→ **What you should do**
Copy each line below word for word and drop every image.

→ **Task data**

**********

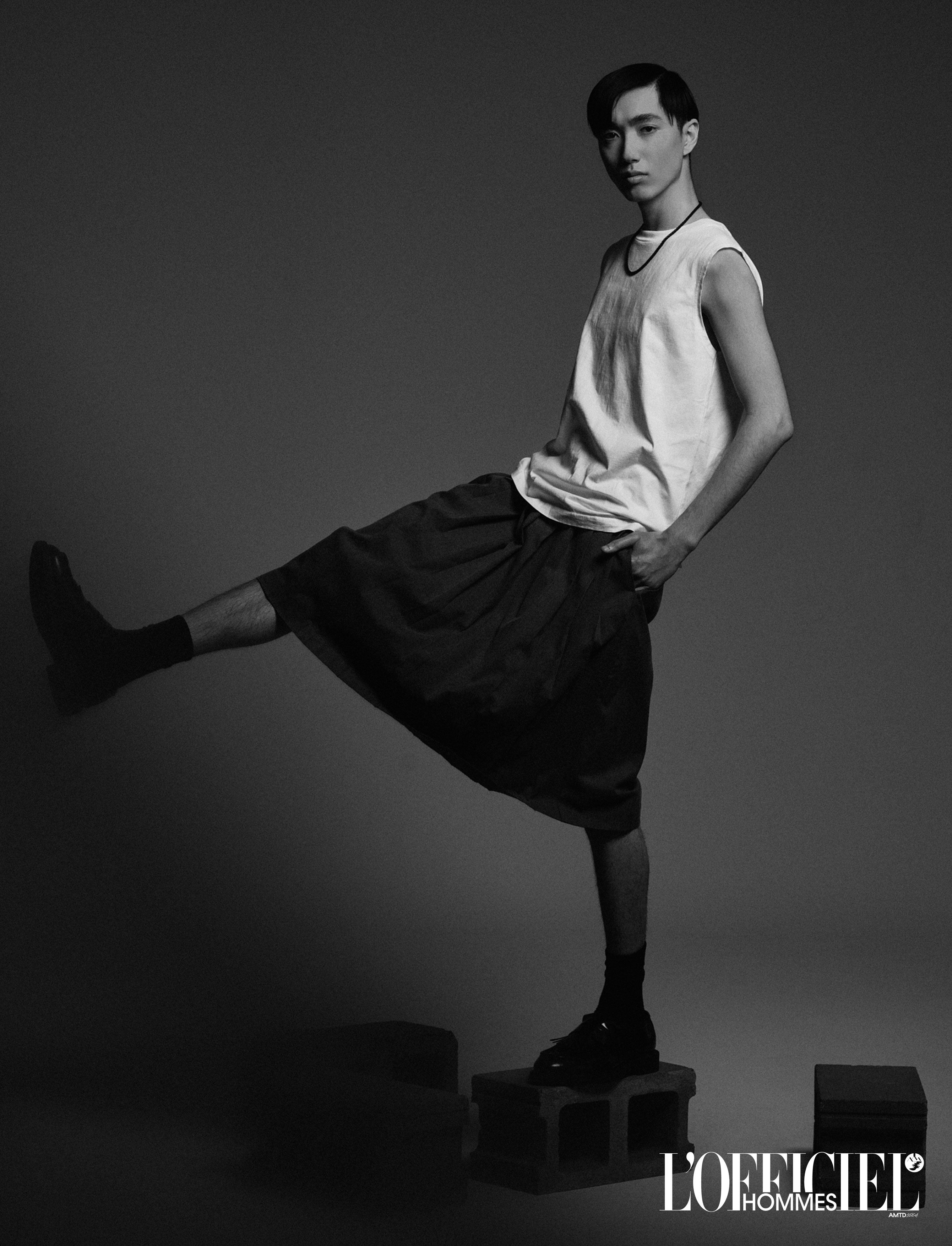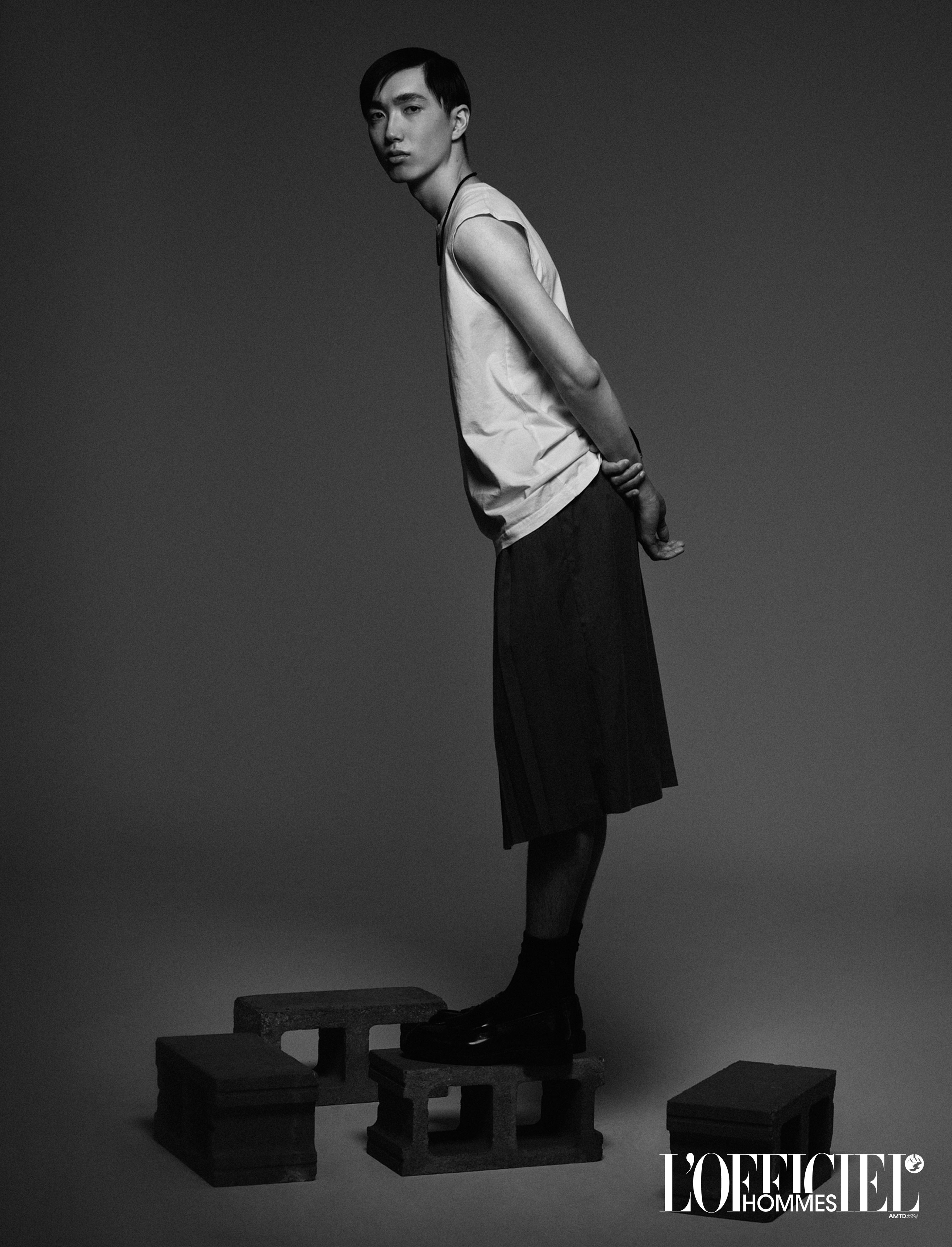 Топ Acne Studios; спідниця Junya Watanabe; шкарпетки Rick Owens; взуття Prada; прикраса Vitaly
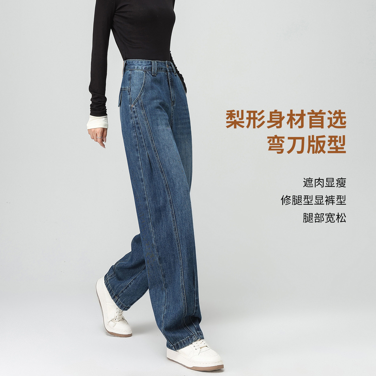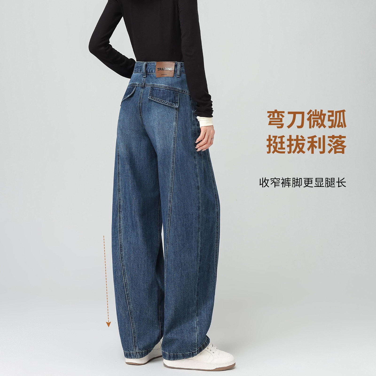 加绒加厚阔腿弯刀牛仔裤女款女士胖子大码小个子秋冬厚款裤子女
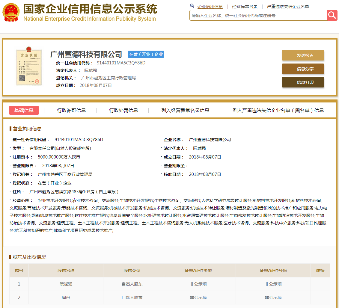 | 注册资本 | 5000.00 万元 | 注册地址 | 广州市越秀区惠福东路483号103房(自主申报) |
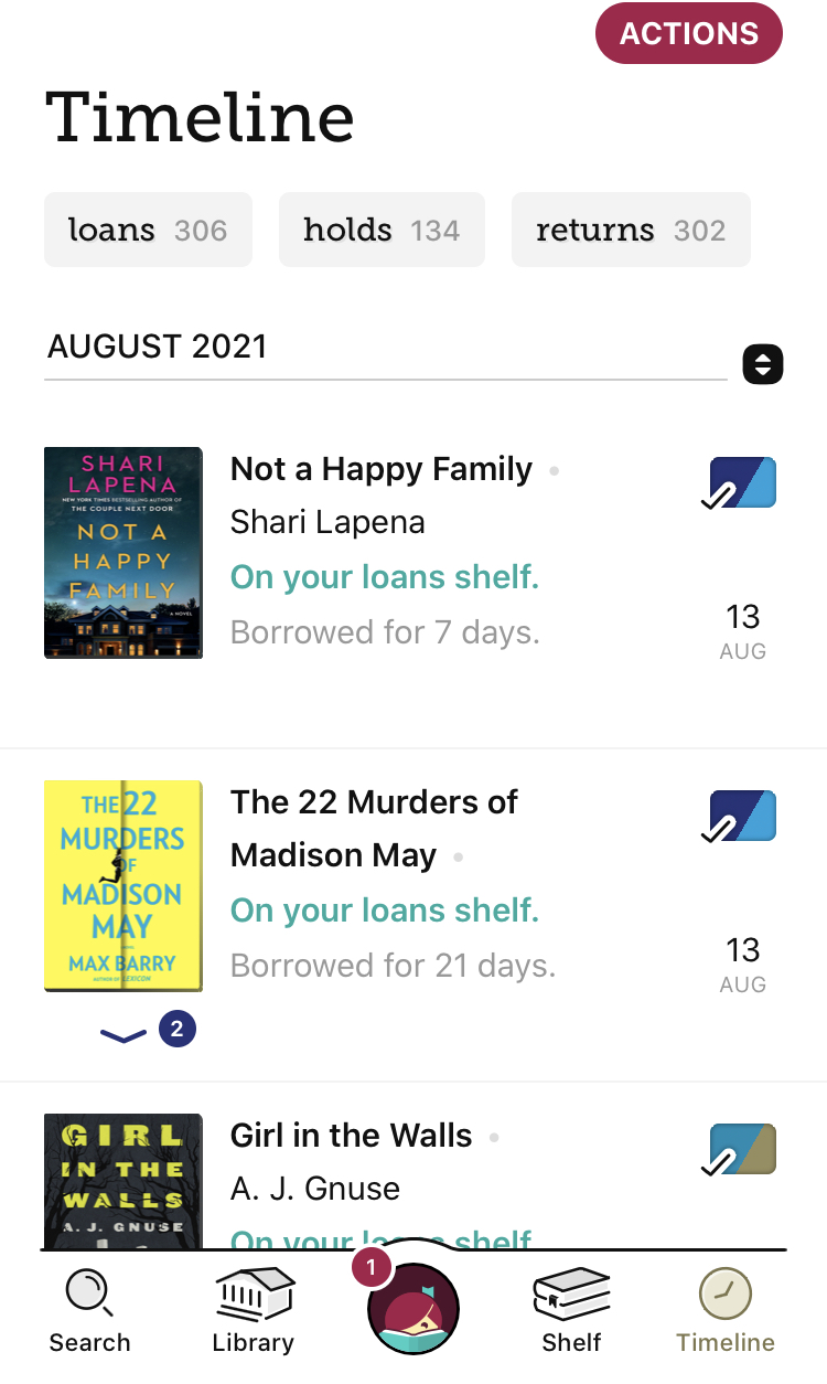 Timeline: Shows your recent activity on Libby: items borrowed, items returned, holds placed, and other Libby activity.
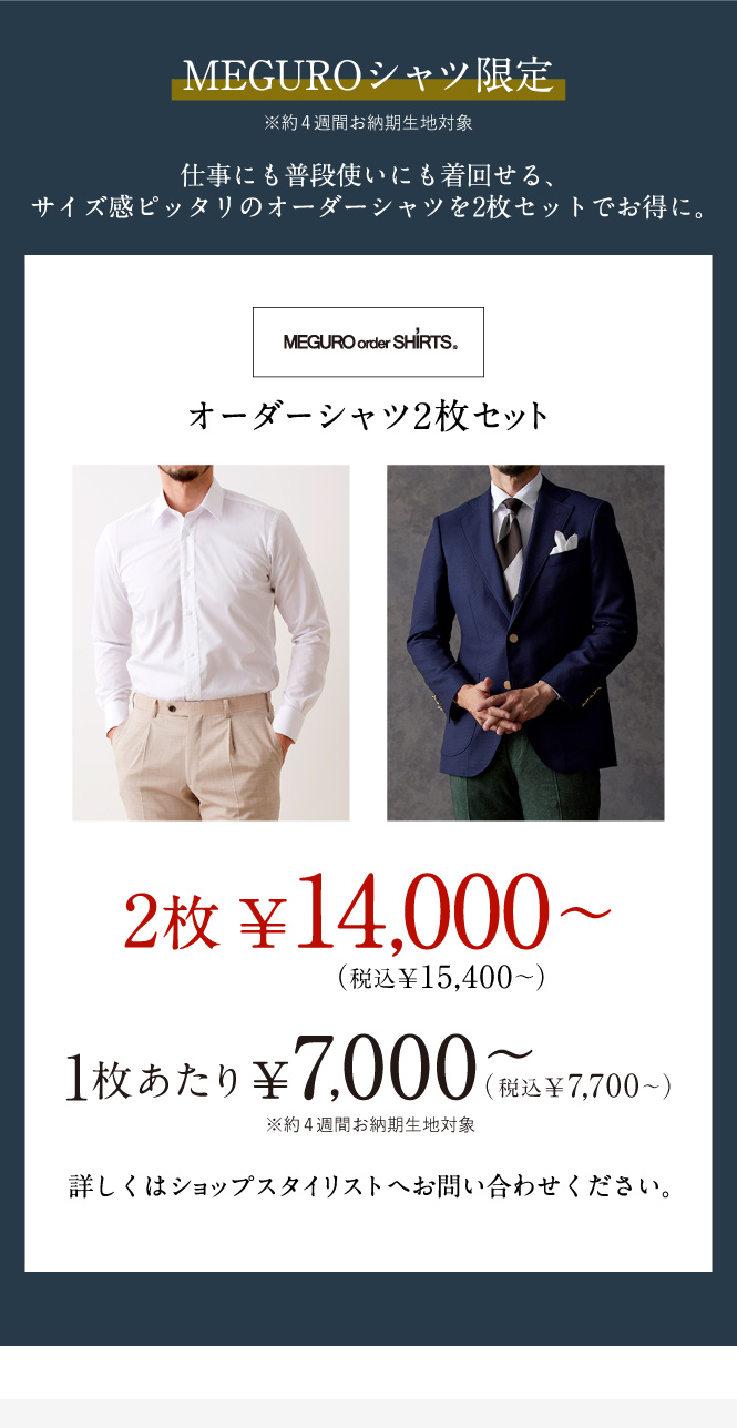 【MEGUROシャツ限定】サイズ感抜群のオーダーシャツが2枚セットでお得に!
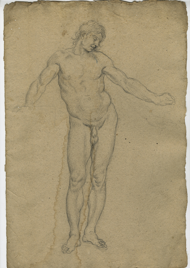 - NOTIZIE STORICO CRITICHE La raccolta, miscellanea di disegni, acquerelli, bozzetti, stampe etc. di vari artisti attivi nei secc.XVII e XVIII , fu recuperata nel 1983 presso le famiglie Iannadrea e Tirabassi, eredi dei Giuliani, Giacomo, padre, e Nicola, figlio, pittori e decoratori di Oratino (CB) operativi in ambito napoletano a cavallo dei secc. XIX-XX. Nicola, allievo di Morelli, la acquisì dagli eredi di Ciriaco Brunetti, pittore e decoratore oratinese attivo in tutto il Molise dalla prima metà del sec. XVIII agli inizi del XIX. Nel 1990 è stata acquistata dal MIBAC e custodita dalla locale Soprintendenza (specifiche dell’atto del 29/10/1990: 375 disegni su fogli singoli; un taccuino di 27 fogli, un taccuino di 21 fogli, un taccuino di 141 fogli, un volume rilegato contenente 54 fogli, 129 incisioni e 24 bozzetti ad olio su tela o cartone). Considerato che su un foglio sono stati realizzati più disegni-bozzetti-schizzi, il fondo è costituito da 700 disegni circa, di cui oltre la metà acquerellati, e da circa 330 stampe, italiane e tedesche, dei secc. XVI-XVIII. La collezione è composta da: disegni raccolti in n. 4 taccuini di Ciriaco Brunetti o Beniamino Brunetti, di varie dimensioni (n. 1 con figure di Santi e n. 3 con progetti per decorazioni); un album rilegato in pelle nel quale sono stati originariamente incollati circa 200 disegni di mani diverse (riportati a singoli foglio dopo il restauro). Vi sono inoltre: circa n. 200 studi per decorazioni in larga parte siglati o firmati da Ciriaco Brunetti; un gruppo di circa n. 70 accademie di nudo riconducibili alla bottega di Francesco Solimena; un gruppo di circa n. 30 disegni a soggetto sacro di Niccolò Falocco, pittore oratinese zio di Brunetti, allievo di Solimena, operativo a Napoli; n. 40 fogli di autori vari di ambito napoletano dei secc. XVI-XVIII (Balducci, Corenzio, Giaquinto etc.). L’importanza del fondo è data dalla sua unitarietà trattandosi di materiale di uso quotidiano, giunto quasi integro fino a noi, di un pittore gravitante in ambito provinciale, la cui produzione superstite è purtroppo oggi riconducibile solo ad una serie di dipinti, conservati in chiese molisane. Testimonia, inoltre, non solo la quotidiana, costante attività del Brunetti nell’ambito dei soggetti decorativi, ma anche l’operosa attività di una bottega oratinese in cui praticavano più esponenti dello stesso ambito familiare (Pietro, Beniamino, Benedetto e Stanislao Brunetti). Le opere, restaurate per oltre il 50% in tre fasi, dal 1992 al 1995 dai restauratori C. L. B. Borruso e P. Crisostomi, sono state custodite presso i depositi della Soprintendenza fino al 2015 anno di definitiva collocazione presso Castello Pandone di Venafro, dove, a rotazione, fanno parte dell’esposizione permanente del Museo.Il gruppo di nudi d’accademia appartenenti alla Collezione Giuliani ne rappresenta uno degli elementi più interessanti. Poiché nessuno dei disegni presenta le caratteristiche di precisione quasi incisoria del ductus di Nicolò Falocco, Riccardo Lattuada nel Catalogo della mostra del 1993 ne attribuisce la produzione al solo Ciriaco Brunetti. Anche nei nudi, così come nel resto della sua produzione grafica, si riconosce il totale allineamento di Ciriaco alla linea espressa da Francesco Solimena, del quale restano, come studi esemplari, la figura di Pastore e la Figura orante della Società Napoletana di Storia Patria. Il dinamismo espresso però dalla grafica accademica del Solimena si spegne nel Brunetti in quell’atteggiamento classicheggiante e di sapore ormai ottocentesco che prevale nell’ambiente napoletano dopo la fondazione della Reale Accademia del Disegno (1752) e in seguito alle posizioni antisolimeniane espresse da Luigi Vanvitelli. Il corpus dei disegni era anticipato da un foglio sul cui verso è riportata la dicitura "DESEGNI DI UOMINI NUDI" e che fungeva da raccoglitore-indicatore di tutti i disegni di nudo (scheda n. 1400080662). Entrambe le figure, presenti una sul recto e una sul verso, mostrano, oltre alla qualità del disegno e della resa anatomica, un richiamo allo stile classicheggiante che prevale in questa fase della produzione brunettiana
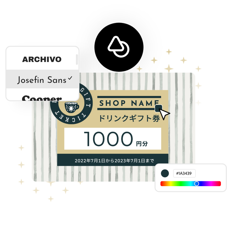 プロがデザインしたテンプレートを使って、ギフト券を作成することもできます。写真、アイコン、ロゴ、自分好みのフォント、その他のカスタマイズ可能な素材を使って、デザインのテーマを設定すれば、本格的なデザインに仕上がります。Adobe Expressを使えば、無料でかんたんにすぐにデザインを作成、保存、共有できます。
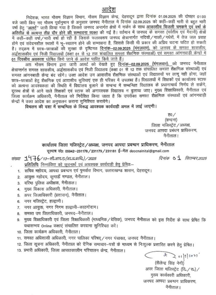 मौसम विभाग द्वारा जारी चेतावनी व मौसम पूर्वांनुमान के सम्बन्ध में जानकारी देते हुए जिलाधिकारी व अध्यक्ष जिला आपदा प्रबंधन प्राधिकरण नैनीताल वंदना ने अवगत कराया कि संभावित आपदा जोखिमों जैसे भूस्खलन, सड़क अवरोध, जलभराव, अंधड़ एवं नदी-नालों में तेज बहाव को ध्यान में रखते हुए विद्यार्थियों की सुरक्षा हेतु जनपद नैनीताल में संचालित सभी शासकीय, अशासकीय एवं निजी विद्यालय (कक्षा 1 से 12 तक) एवं समस्त आंगनबाड़ी केंद्रों में दिनांक 2 सितम्बर 2025 (मंगलवार) को एक दिवसीय अवकाश रहेगा।
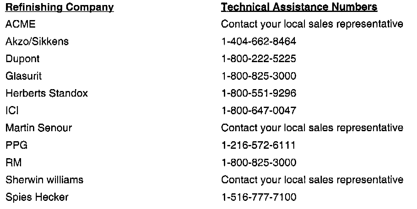 The procedures and appropriate materials for each paint vendor is attached for your reference. If you should have any difficulty obtaining materials, following the published procedure or are unable to obtain a proper refinish you can contact the paint refinish companies' technical assistance number listed.
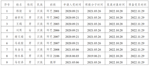 在征求党小组和党员、群众意见的基础上,经支部委员会审查,拟将郝骏等9位同志转为中共正式党员。根据发展党员工作有关要求,现将其有关情况公示如下,同志在预备期间表现良好。经党支部培养教育和考察,拟将郝骏等9位同志转为中共正式党员,并于近期召开支部大会讨论其转正问题。
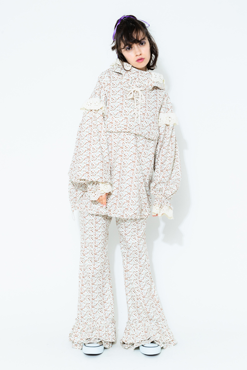 起毛感のある小花柄の生地を使用したガーリーなアノラック。
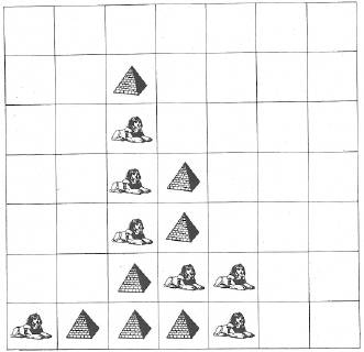 The intellectual action in this game of thought takes place on a 7×7 board (see figure on following page). Your goal is to line up four Sphinxes in a row, in any direction, before the computer lines up four of its pyramids. To make a move, use the arrow keys to slide a Sphinx along the top edge of the board, then press ENTER or RETURN. The Sphinx will fall to the bottom of the column. The computer moves similarly.

**********

→ **Response to the task**
 Топ Acne Studios; спідниця Junya Watanabe; шкарпетки Rick Owens; взуття Prada; прикраса Vitaly
 加绒加厚阔腿弯刀牛仔裤女款女士胖子大码小个子秋冬厚款裤子女
 | 注册资本 | 5000.00 万元 | 注册地址 | 广州市越秀区惠福东路483号103房(自主申报) |
 Timeline: Shows your recent activity on Libby: items borrowed, items returned, holds placed, and other Libby activity.
 【MEGUROシャツ限定】サイズ感抜群のオーダーシャツが2枚セットでお得に!
 - NOTIZIE STORICO CRITICHE La raccolta, miscellanea di disegni, acquerelli, bozzetti, stampe etc. di vari artisti attivi nei secc.XVII e XVIII , fu recuperata nel 1983 presso le famiglie Iannadrea e Tirabassi, eredi dei Giuliani, Giacomo, padre, e Nicola, figlio, pittori e decoratori di Oratino (CB) operativi in ambito napoletano a cavallo dei secc. XIX-XX. Nicola, allievo di Morelli, la acquisì dagli eredi di Ciriaco Brunetti, pittore e decoratore oratinese attivo in tutto il Molise dalla prima metà del sec. XVIII agli inizi del XIX. Nel 1990 è stata acquistata dal MIBAC e custodita dalla locale Soprintendenza (specifiche dell’atto del 29/10/1990: 375 disegni su fogli singoli; un taccuino di 27 fogli, un taccuino di 21 fogli, un taccuino di 141 fogli, un volume rilegato contenente 54 fogli, 129 incisioni e 24 bozzetti ad olio su tela o cartone). Considerato che su un foglio sono stati realizzati più disegni-bozzetti-schizzi, il fondo è costituito da 700 disegni circa, di cui oltre la metà acquerellati, e da circa 330 stampe, italiane e tedesche, dei secc. XVI-XVIII. La collezione è composta da: disegni raccolti in n. 4 taccuini di Ciriaco Brunetti o Beniamino Brunetti, di varie dimensioni (n. 1 con figure di Santi e n. 3 con progetti per decorazioni); un album rilegato in pelle nel quale sono stati originariamente incollati circa 200 disegni di mani diverse (riportati a singoli foglio dopo il restauro). Vi sono inoltre: circa n. 200 studi per decorazioni in larga parte siglati o firmati da Ciriaco Brunetti; un gruppo di circa n. 70 accademie di nudo riconducibili alla bottega di Francesco Solimena; un gruppo di circa n. 30 disegni a soggetto sacro di Niccolò Falocco, pittore oratinese zio di Brunetti, allievo di Solimena, operativo a Napoli; n. 40 fogli di autori vari di ambito napoletano dei secc. XVI-XVIII (Balducci, Corenzio, Giaquinto etc.). L’importanza del fondo è data dalla sua unitarietà trattandosi di materiale di uso quotidiano, giunto quasi integro fino a noi, di un pittore gravitante in ambito provinciale, la cui produzione superstite è purtroppo oggi riconducibile solo ad una serie di dipinti, conservati in chiese molisane. Testimonia, inoltre, non solo la quotidiana, costante attività del Brunetti nell’ambito dei soggetti decorativi, ma anche l’operosa attività di una bottega oratinese in cui praticavano più esponenti dello stesso ambito familiare (Pietro, Beniamino, Benedetto e Stanislao Brunetti). Le opere, restaurate per oltre il 50% in tre fasi, dal 1992 al 1995 dai restauratori C. L. B. Borruso e P. Crisostomi, sono state custodite presso i depositi della Soprintendenza fino al 2015 anno di definitiva collocazione presso Castello Pandone di Venafro, dove, a rotazione, fanno parte dell’esposizione permanente del Museo.Il gruppo di nudi d’accademia appartenenti alla Collezione Giuliani ne rappresenta uno degli elementi più interessanti. Poiché nessuno dei disegni presenta le caratteristiche di precisione quasi incisoria del ductus di Nicolò Falocco, Riccardo Lattuada nel Catalogo della mostra del 1993 ne attribuisce la produzione al solo Ciriaco Brunetti. Anche nei nudi, così come nel resto della sua produzione grafica, si riconosce il totale allineamento di Ciriaco alla linea espressa da Francesco Solimena, del quale restano, come studi esemplari, la figura di Pastore e la Figura orante della Società Napoletana di Storia Patria. Il dinamismo espresso però dalla grafica accademica del Solimena si spegne nel Brunetti in quell’atteggiamento classicheggiante e di sapore ormai ottocentesco che prevale nell’ambiente napoletano dopo la fondazione della Reale Accademia del Disegno (1752) e in seguito alle posizioni antisolimeniane espresse da Luigi Vanvitelli. Il corpus dei disegni era anticipato da un foglio sul cui verso è riportata la dicitura "DESEGNI DI UOMINI NUDI" e che fungeva da raccoglitore-indicatore di tutti i disegni di nudo (scheda n. 1400080662). Entrambe le figure, presenti una sul recto e una sul verso, mostrano, oltre alla qualità del disegno e della resa anatomica, un richiamo allo stile classicheggiante che prevale in questa fase della produzione brunettiana
 プロがデザインしたテンプレートを使って、ギフト券を作成することもできます。写真、アイコン、ロゴ、自分好みのフォント、その他のカスタマイズ可能な素材を使って、デザインのテーマを設定すれば、本格的なデザインに仕上がります。Adobe Expressを使えば、無料でかんたんにすぐにデザインを作成、保存、共有できます。
 मौसम विभाग द्वारा जारी चेतावनी व मौसम पूर्वांनुमान के सम्बन्ध में जानकारी देते हुए जिलाधिकारी व अध्यक्ष जिला आपदा प्रबंधन प्राधिकरण नैनीताल वंदना ने अवगत कराया कि संभावित आपदा जोखिमों जैसे भूस्खलन, सड़क अवरोध, जलभराव, अंधड़ एवं नदी-नालों में तेज बहाव को ध्यान में रखते हुए विद्यार्थियों की सुरक्षा हेतु जनपद नैनीताल में संचालित सभी शासकीय, अशासकीय एवं निजी विद्यालय (कक्षा 1 से 12 तक) एवं समस्त आंगनबाड़ी केंद्रों में दिनांक 2 सितम्बर 2025 (मंगलवार) को एक दिवसीय अवकाश रहेगा।
 The procedures and appropriate materials for each paint vendor is attached for your reference. If you should have any difficulty obtaining materials, following the published procedure or are unable to obtain a proper refinish you can contact the paint refinish companies' technical assistance number listed.
 在征求党小组和党员、群众意见的基础上,经支部委员会审查,拟将郝骏等9位同志转为中共正式党员。根据发展党员工作有关要求,现将其有关情况公示如下,同志在预备期间表现良好。经党支部培养教育和考察,拟将郝骏等9位同志转为中共正式党员,并于近期召开支部大会讨论其转正问题。
 起毛感のある小花柄の生地を使用したガーリーなアノラック。
 The intellectual action in this game of thought takes place on a 7×7 board (see figure on following page). Your goal is to line up four Sphinxes in a row, in any direction, before the computer lines up four of its pyramids. To make a move, use the arrow keys to slide a Sphinx along the top edge of the board, then press ENTER or RETURN. The Sphinx will fall to the bottom of the column. The computer moves similarly.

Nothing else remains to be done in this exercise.